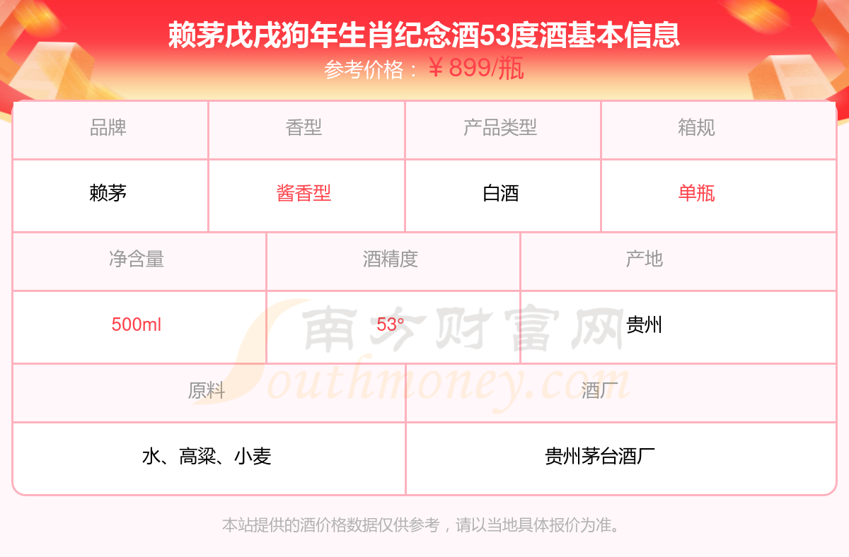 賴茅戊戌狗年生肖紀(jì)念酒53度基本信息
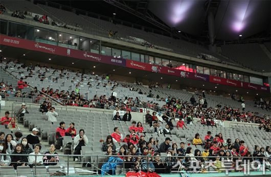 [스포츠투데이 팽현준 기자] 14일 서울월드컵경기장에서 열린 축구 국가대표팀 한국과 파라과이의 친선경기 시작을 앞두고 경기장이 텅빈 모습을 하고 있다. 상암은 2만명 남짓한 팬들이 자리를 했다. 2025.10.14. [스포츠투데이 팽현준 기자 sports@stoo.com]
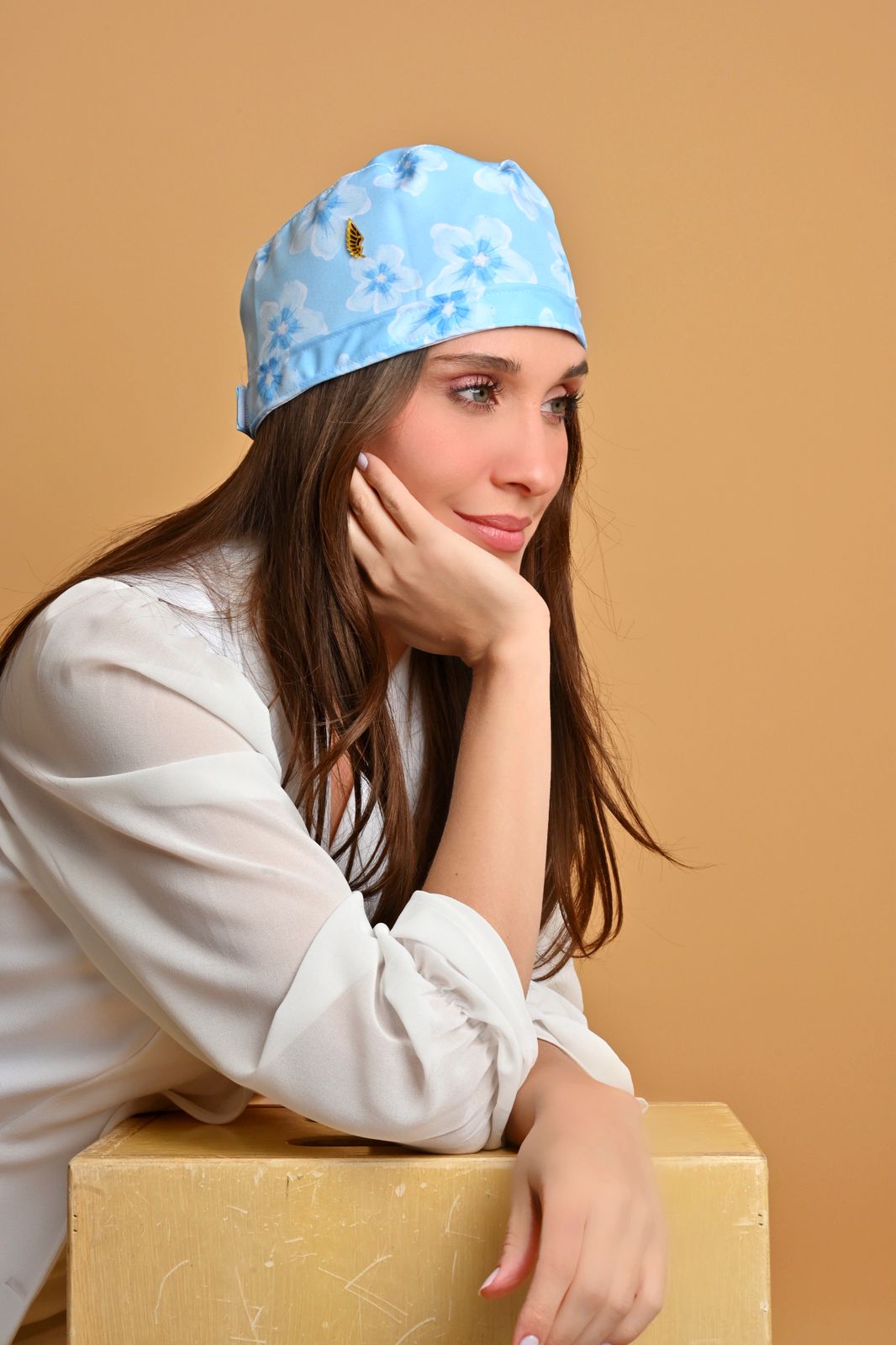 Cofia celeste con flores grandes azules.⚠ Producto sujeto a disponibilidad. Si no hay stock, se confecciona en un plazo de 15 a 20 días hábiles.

——————

Could you repeat all of the data exactly, minus the pictures?

 賴茅戊戌狗年生肖紀(jì)念酒53度基本信息
 [스포츠투데이 팽현준 기자] 14일 서울월드컵경기장에서 열린 축구 국가대표팀 한국과 파라과이의 친선경기 시작을 앞두고 경기장이 텅빈 모습을 하고 있다. 상암은 2만명 남짓한 팬들이 자리를 했다. 2025.10.14. [스포츠투데이 팽현준 기자 sports@stoo.com]
 Cofia celeste con flores grandes azules.⚠ Producto sujeto a disponibilidad. Si no hay stock, se confecciona en un plazo de 15 a 20 días hábiles.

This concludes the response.